Records for the exercise:
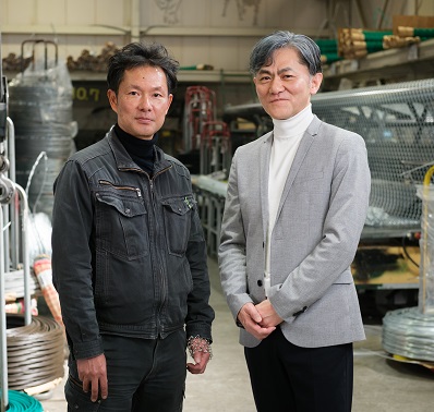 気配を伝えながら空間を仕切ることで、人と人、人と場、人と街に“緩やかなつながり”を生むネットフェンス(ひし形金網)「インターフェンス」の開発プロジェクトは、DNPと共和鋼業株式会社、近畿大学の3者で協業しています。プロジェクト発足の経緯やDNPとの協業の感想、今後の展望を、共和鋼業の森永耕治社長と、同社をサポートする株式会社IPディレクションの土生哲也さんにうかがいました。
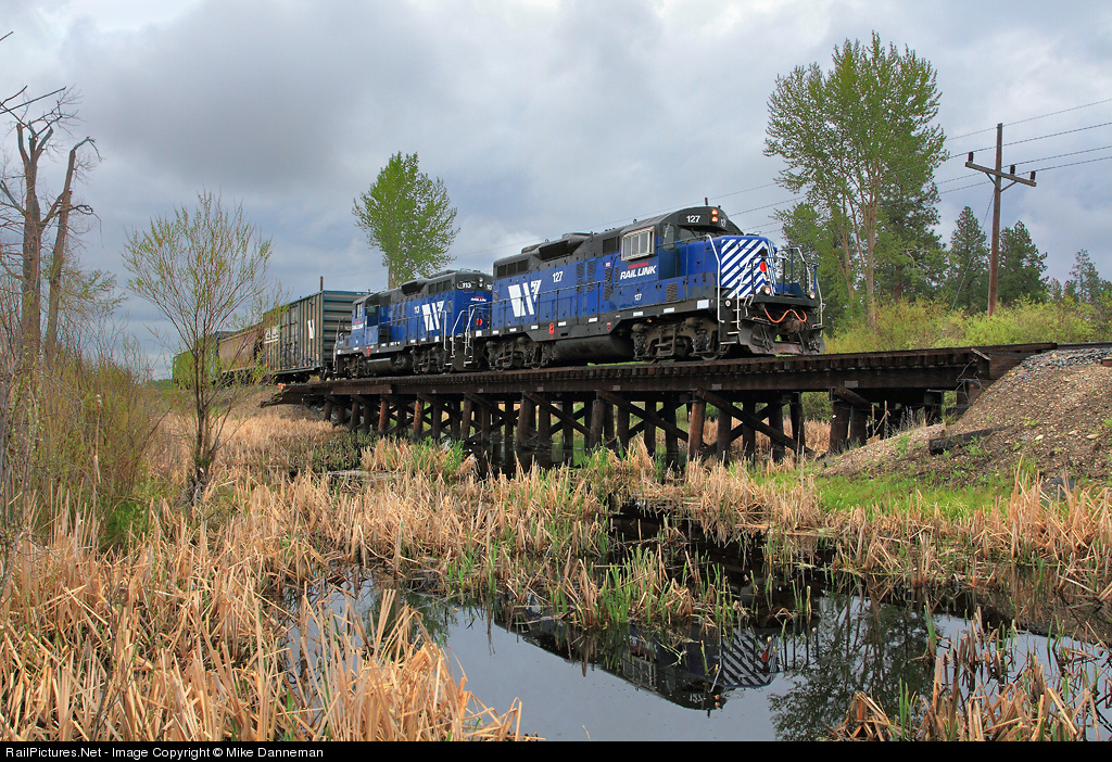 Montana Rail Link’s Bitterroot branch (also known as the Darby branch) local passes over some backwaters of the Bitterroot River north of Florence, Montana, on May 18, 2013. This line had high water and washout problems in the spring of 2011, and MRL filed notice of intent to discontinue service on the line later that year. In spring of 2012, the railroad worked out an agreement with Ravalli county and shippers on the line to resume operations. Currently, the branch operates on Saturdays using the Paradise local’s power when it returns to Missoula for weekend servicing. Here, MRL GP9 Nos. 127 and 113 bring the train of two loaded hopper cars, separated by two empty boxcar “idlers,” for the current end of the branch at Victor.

==

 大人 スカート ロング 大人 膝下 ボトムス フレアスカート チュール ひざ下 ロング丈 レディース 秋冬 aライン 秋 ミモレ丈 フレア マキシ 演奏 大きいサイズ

==

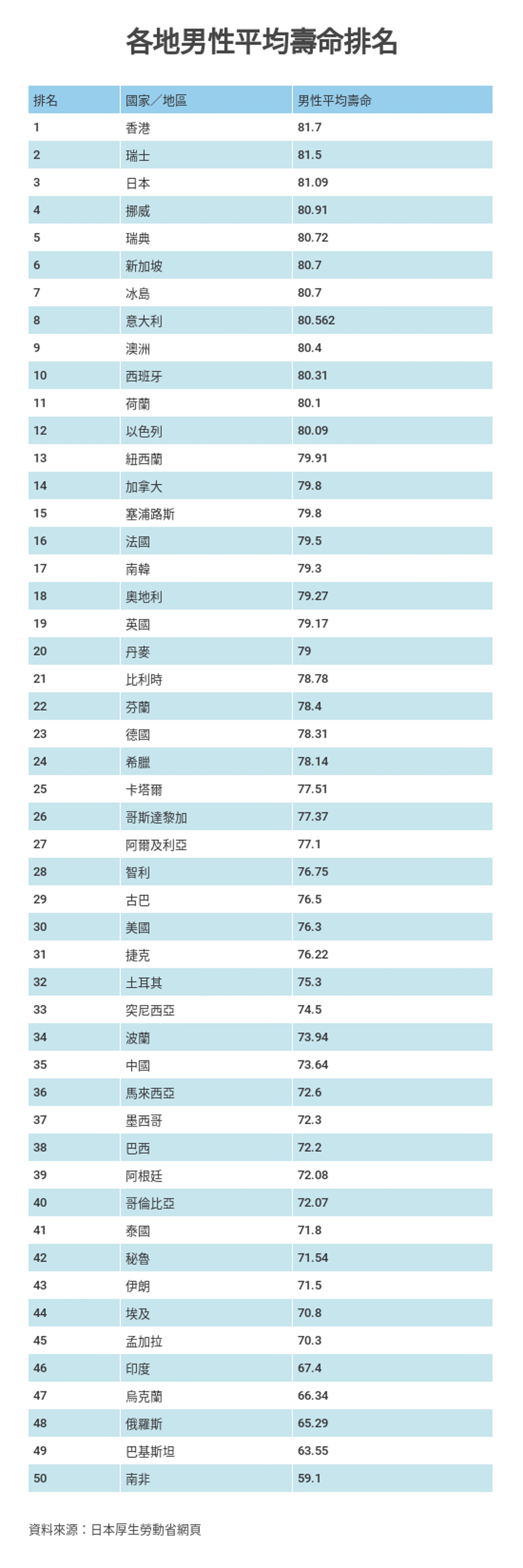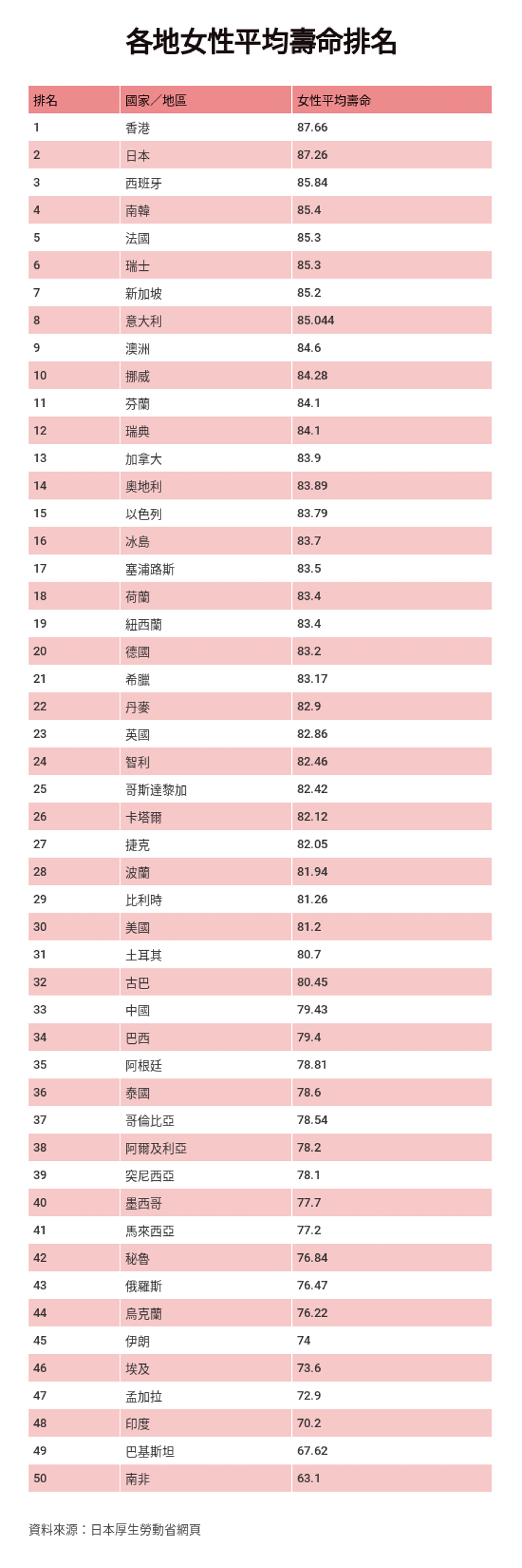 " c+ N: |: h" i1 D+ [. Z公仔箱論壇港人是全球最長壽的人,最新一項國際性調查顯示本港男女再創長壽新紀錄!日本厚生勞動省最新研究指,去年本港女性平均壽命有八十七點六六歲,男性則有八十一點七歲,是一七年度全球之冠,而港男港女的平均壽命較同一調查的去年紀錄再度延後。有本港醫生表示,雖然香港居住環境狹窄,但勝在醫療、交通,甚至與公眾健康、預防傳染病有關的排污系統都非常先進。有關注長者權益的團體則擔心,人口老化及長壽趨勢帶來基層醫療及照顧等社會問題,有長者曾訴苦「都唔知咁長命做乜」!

What you will do:
Everything above from the line with "気配を伝えながら空間を仕切る" through the line with "Montana Rail Link’s" should be retyped exactly, and nothing else; omit pictures.

Response area:
 気配を伝えながら空間を仕切ることで、人と人、人と場、人と街に“緩やかなつながり”を生むネットフェンス(ひし形金網)「インターフェンス」の開発プロジェクトは、DNPと共和鋼業株式会社、近畿大学の3者で協業しています。プロジェクト発足の経緯やDNPとの協業の感想、今後の展望を、共和鋼業の森永耕治社長と、同社をサポートする株式会社IPディレクションの土生哲也さんにうかがいました。
 Montana Rail Link’s Bitterroot branch (also known as the Darby branch) local passes over some backwaters of the Bitterroot River north of Florence, Montana, on May 18, 2013. This line had high water and washout problems in the spring of 2011, and MRL filed notice of intent to discontinue service on the line later that year. In spring of 2012, the railroad worked out an agreement with Ravalli county and shippers on the line to resume operations. Currently, the branch operates on Saturdays using the Paradise local’s power when it returns to Missoula for weekend servicing. Here, MRL GP9 Nos. 127 and 113 bring the train of two loaded hopper cars, separated by two empty boxcar “idlers,” for the current end of the branch at Victor.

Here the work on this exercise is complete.